As Ambassador Power praises ADL, Abe Foxman savages John Kerry | The Electronic Intifada - 0 views

  • Abraham Foxman, national director of the Anti-Defamation League (ADL), has launched a stinging attack on US Secretary of State John Kerry. Foxman’s open attack on a US secretary of state, especially one who has been so friendly to Israel, is unusual. What makes it more extraordinary is that it comes after another Obama administration official has heaped lavish praise on Foxman and the ADL. “I think Kerry’s outrageous behavior will unite the American Jewish community,” Foxman told Israeli army radio, Haaretz reports.

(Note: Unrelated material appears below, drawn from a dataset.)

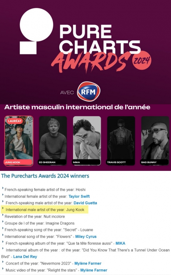 퓨어 차트는 "성공적인 솔로 활동을 펼치고 있는 방탄소년단 정국이 프랑스 및 해외 팬들의 대대적인 참여로 올해의 국제 남성 아티스트상을 수상했다"고 밝혔다.
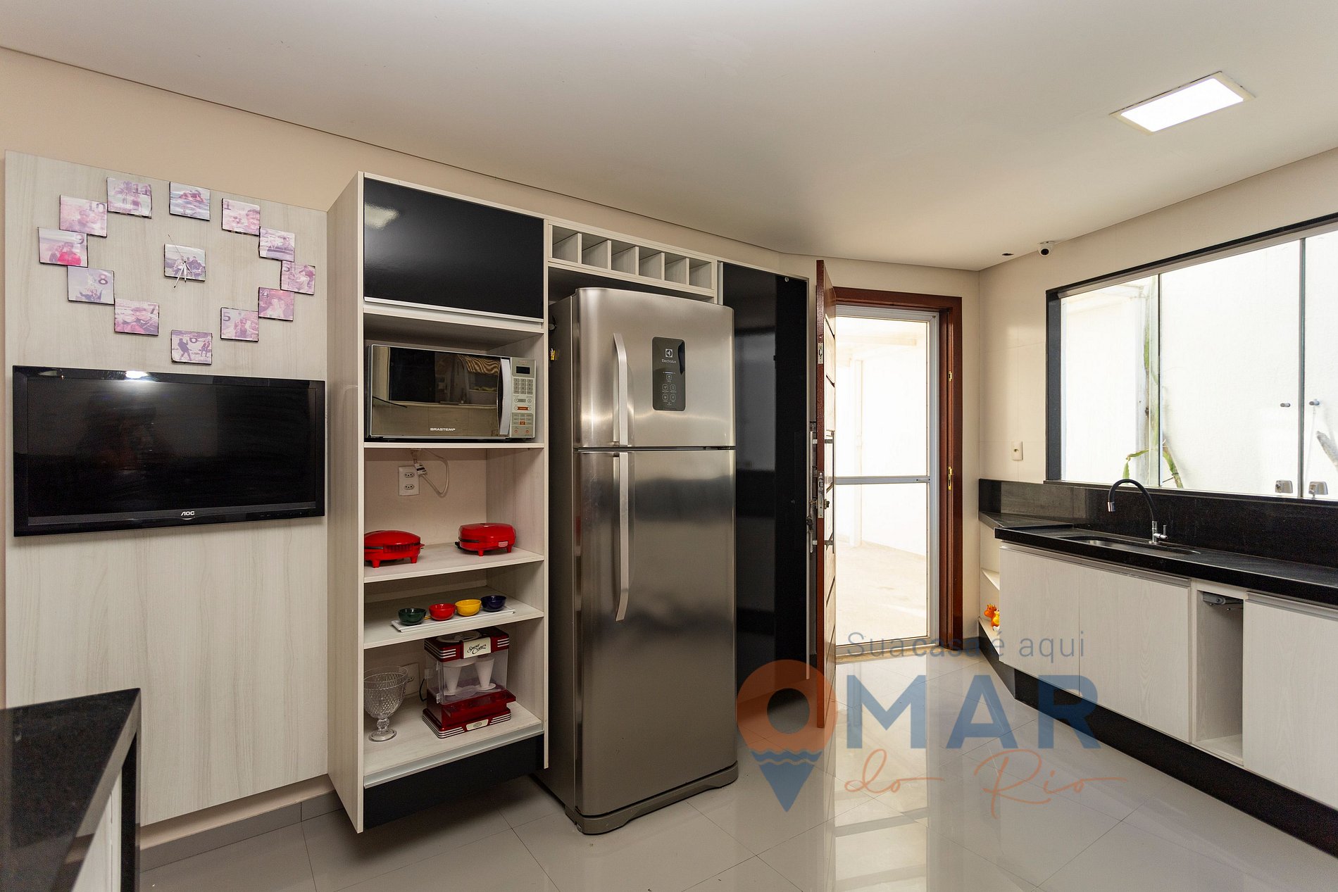 Cozinha: geladeira, fogão 5 bocas com forno, micro-ondas, air fryer, sanduicheira, omeleteira, espremedor de frutas, purificador de água com água natural, bancada com assentos, e utensílios para refeições e cozinhar.

  • “It is chutzpah to lecture Israel about the risks of peace and war,” Foxman added from Jerusalem, where he is currently visiting. The ADL is one of the most prominent pro-Israel, anti-Palestinian organizations in the United States. It recently published a McCarthyite list of the “Top 10 anti-Israel organizations” which included a number of peace and justice groups. The sources of Foxman’s rage include US diplomacy with Iran, which Kerry has championed, and Kerry’s recent criticism of (though total inaction on) Israel’s ongoing colonization of Palestinian land. Foxman claimed there was a “crisis of trust” between the US and Israel because Kerry had not kept Israel sufficiently informed of the Geneva talks over Iran’s nuclear energy program. Those talks ended last night without a much-anticipated breakthrough, after a last minute French intervention scuppered a deal.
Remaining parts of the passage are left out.